Thefts and losses cost Whitehall pounds 1m a year

ROS WYNNE-JONES

Nearly pounds 5m worth of property has been lost or stolen from government departments in the last five years, including a consignment of Royal Navy rockets, computer chips and a horsebox.

New figures compiled from parliamentary answers show a four-fold increase in losses since 1991, with the value of property stolen or unaccounted for rising to at least pounds 4,941,409 this year.

Ian McCartney, Labour's employment spokesman, said he began an investigation into information technology losses after a tip off that thousands of pounds of computer equipment was missing from Whitehall.

"I believe there are criminal groups operating in or outside Whitehall," he said. "Equipment appears to be coming in the front entrance and going straight out the back door. The MoD doesn't even bother to keep records of central records on the loss of items worth less than pounds 100,000."

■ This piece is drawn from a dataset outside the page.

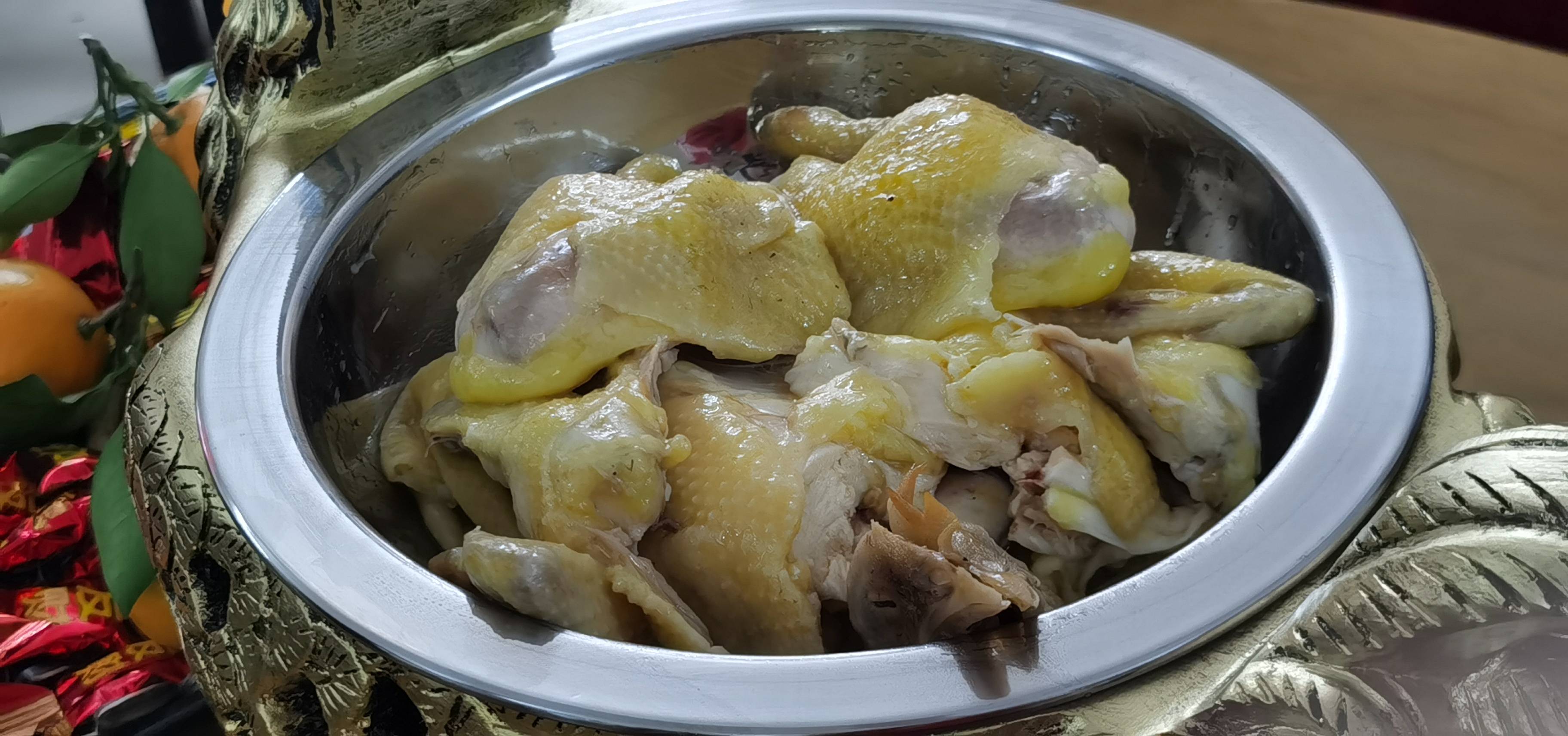 切好的原味竹盐鸡。 |

The Department of Health reported the theft of six items in 1991 worth pounds 7,460. In 1996, 350 items were stolen worth pounds 231,249. Serious Fraud Office equipment worth pounds 1,300 is currently "otherwise unaccounted for" and the Foreign Office reported pounds 85,000 worth of computer equipment stolen between 1994 and 1996.

Although computer technology appeared to be the biggest target for thieves, the prliamentary answers also revealed other major losses.

The Department of Trade and Industry had pounds 49,000 worth of chairs stolen, an "uninterruptable power supply" worth pounds 9,000 was stolen from the Treasury and the Home Office reported the loss of 23 heat lamps worth pounds 7,000 and a horsebox and its tools worth pounds 6,500.

The Home Office was unable to explain the circumstances surrounding the loss of the horsebox due to the unavailability of staff over the bank holiday, a spokeswoman said. The DTI were likewise unable to explain the theft of the chairs.

The Ministry of Defence said a consignment of three rockets, worth pounds 104,000, had been "lost" following the Gulf War. "We ran a six-month investigation into their whereabouts," a spokes-man said. "It was decided they were either lost en route home, or that they there were not missing at all and it was merely an accounting error."

Stressing that the rockets were not dangerous and were designed to distract other rockets from reaching their targets, the spokesman added: "We run a tight system and investigate anything lost worth more than pounds 150. However, we are a huge organisation with equipment in places as far-flung as Rwanda, Cambodia and Angola. When equipment is lost it might also be because it fell overboard during a storm."

The MoD also reported that a thermal imager worth pounds 118,000 was missing.

Mr McCartney, MP for Makerfield, Lancashire, stressed that the figures he had compiled gave only a selective view of Whitehall thefts, as they represented only the information given in parliamentary answers.